And today, code hosts your IP.

Today, code is like the heart of your data.

If use that, you’re losing your intellectual property risks.

uh

Beyond the technical side, what kind of business impact would you see if DevOps data
became unavailable in the context of, for example, our corporate data?

Yeah, in that case, uh if DevOps data becomes unavailable even for hours or days, the
biggest uh impact would be the progress.

So when the system that supports software delivery pauses, it slows down updates,
improvements that the team rely on.

That’s why resilience and recovery aren’t optional.

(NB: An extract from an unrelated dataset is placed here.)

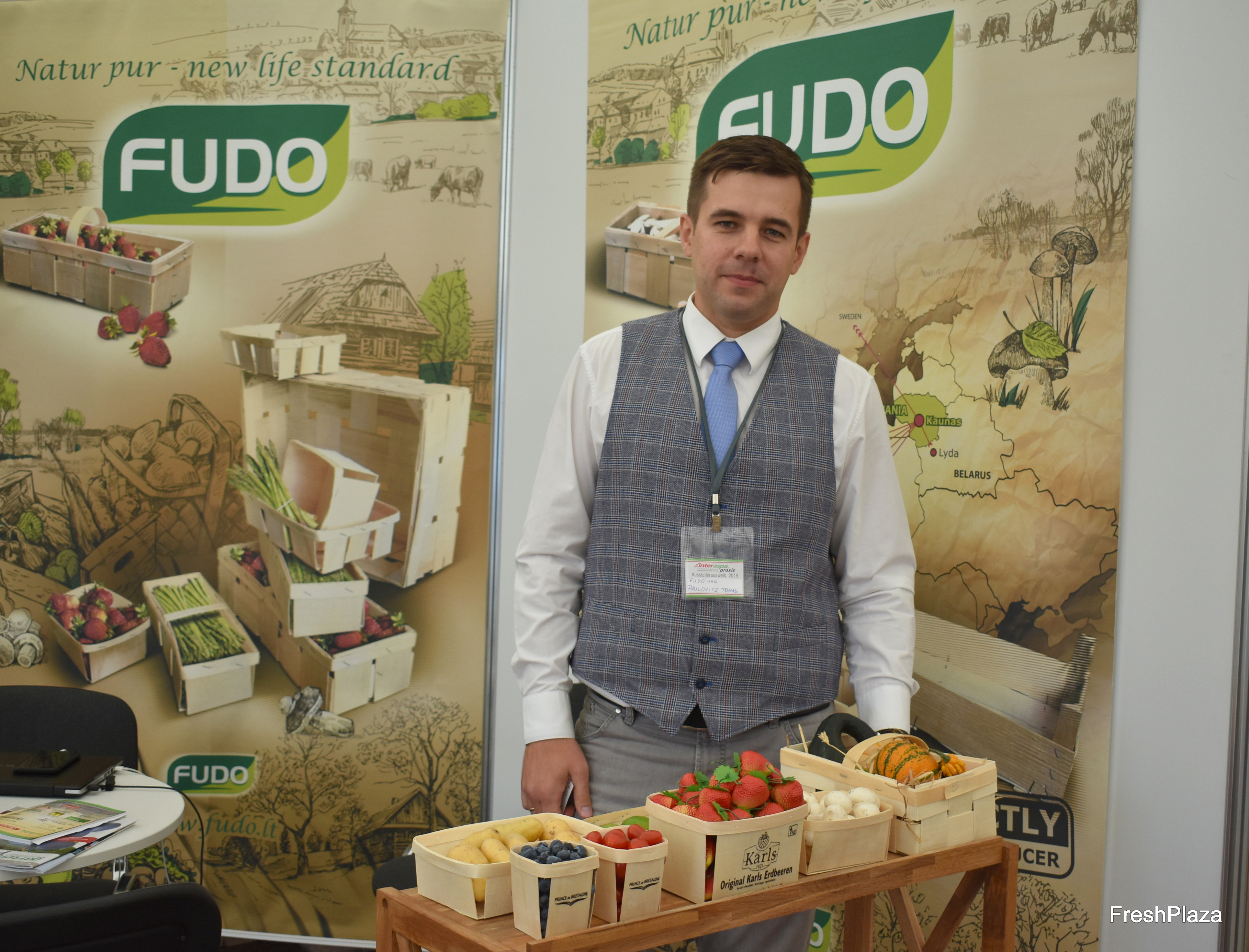 Tomas Paulovitz des litauischen Unternehmens Fudo ist erstmalig auf der Interaspa vertreten. Die Firma hat sich auf die Herstellung und Vermarktung von Holzschliffverpackungen und Spankörbe spezialisiert.

They are built into the process from the start.

It’s more about making sure uh continuity is part of the design.

So even if something goes wrong, we can recover quickly and keep things moving forward.

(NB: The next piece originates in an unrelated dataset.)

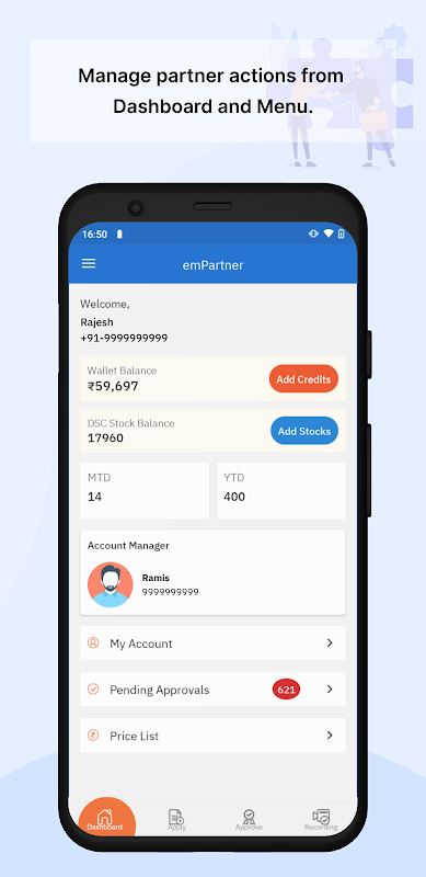 يسهل تطبيق emPartner لشركاء eMudhra تسجيل الدخول على الهاتف المحمول ويمكنهم أداء الأنشطة التالية.

I mean, I couldn’t have put it any better just to add to what you said.

uh It’s not just the…

data loss rate, you’d be looking at productivity loss.

Potentially, you’d be looking at reputational losses.

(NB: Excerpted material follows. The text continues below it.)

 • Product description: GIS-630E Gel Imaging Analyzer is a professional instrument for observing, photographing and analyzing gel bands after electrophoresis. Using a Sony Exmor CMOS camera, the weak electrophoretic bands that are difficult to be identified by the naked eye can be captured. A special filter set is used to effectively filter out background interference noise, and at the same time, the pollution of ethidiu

If you are in regulated industries, you would be looking at so many compliance gaps.

That’s why resilience has to be built into DevOps by design and agree with the statement,
can’t be enough, that’s all.

Okay, we’ve established that we need resilience in DevOps.

Now let’s discuss a bit about what solutions exist in the market today and what are some
of the limitations with such tools.

Now uh in terms of what solutions exist in the market, uh what I have seen as a product
manager would be some would rely on native tools, the so-called recycle bin.

Some would try some scripts, some custom scripts to oh do the backups and then there are
point solutions.

But,

these have some serious limitations.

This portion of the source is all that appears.